In above-mentioned steps Sll0, extract after document message, execution step S120, opens the webpage that the URL node with comprising in described document message is corresponding with browser.Because browser is supported Asynchronous Request treatment technology and can automatically decipher and Web page loading resource, can directly open this webpage and resource on downloading web pages by means of browser like this when opening webpage.
Above-mentioned steps S110 for example in, the URL node arranging in document message is:
<url> http://mm.10086.cn/download/android/216774</url>
, at step S120, in browser, open webpage corresponding to above-mentioned URL node.

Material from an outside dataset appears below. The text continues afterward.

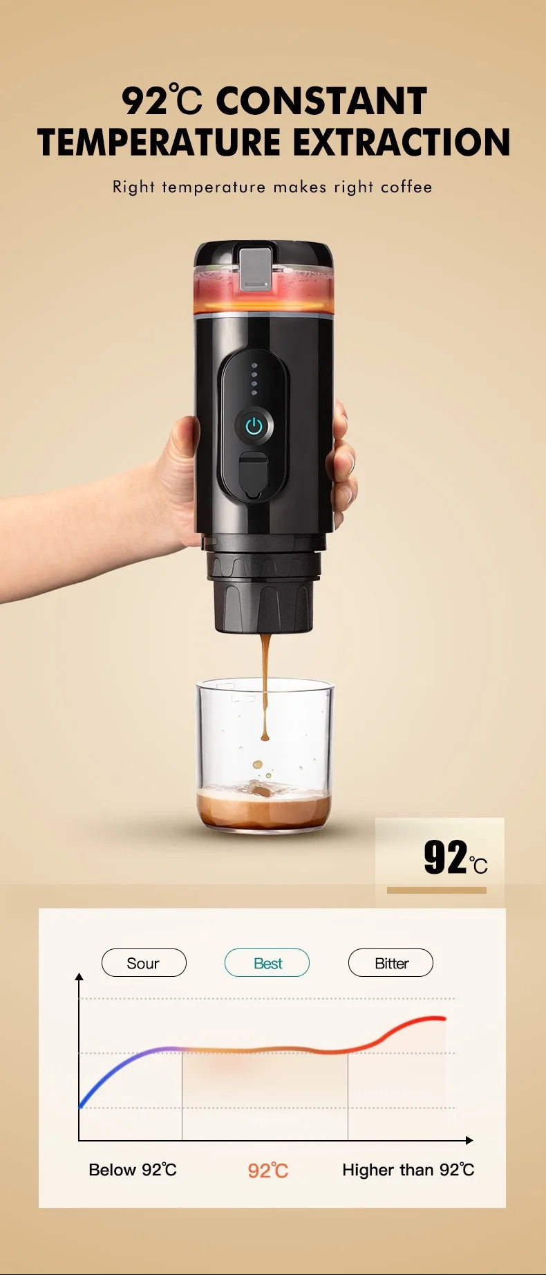 Operating system: Check the battery level, click the start button once, heat extraction mode: add cold water, quickly click the start button twice (boil water for 5 minutes). Long press the button to directly extract coffee using hot water.

Next, at step S130, according to the described operation strategy comprising in described document message, this webpage is operated.Above-mentioned steps S110 for example in, the described operation strategy comprising in described document message is the operation steps that webpage is operated.Described operation steps is all worked out in XML document.Known according to described XML document, first carry out with clicking this webpage by mouse right button http:// mm.10086.cn/ download/android/216774.htmlthe control title of upper demonstration " is downloaded to computer ", and then carries out the operation of selecting " Save Target As ", realizes the download to Android software game " the happy family of dioctahedral smectite ".
Next, at step S140, the operating result of output to this web page operation.After executing above-mentioned S130 step, just can obtain corresponding Internet resources from corresponding webpage.Above-mentioned steps Sl10 for example in, just can download to the installation kit file akoopf_sina_0724.apk of Android software game " the happy family of dioctahedral smectite ".At this moment, can by operating result after carrying out base64 coding, be stored in the result node of XML, output XML, in addition, also can use the formatted output that adopts other, such as json, and protobuf.
In above-mentioned steps S130, in the document message of XML establishment, when " part that <2> operates webpage " adopt take the form of " the control title of click " time, can be by MSAA technology, read the DOM structure of the Webpage in browser, thus the coordinate of location control title.
And for the other two kinds of forms of expression " click coordinate " in " part that <2> operates webpage " and " URL that record is clicked ", because the position of operand is very clear and definite, do not need again it to be positioned.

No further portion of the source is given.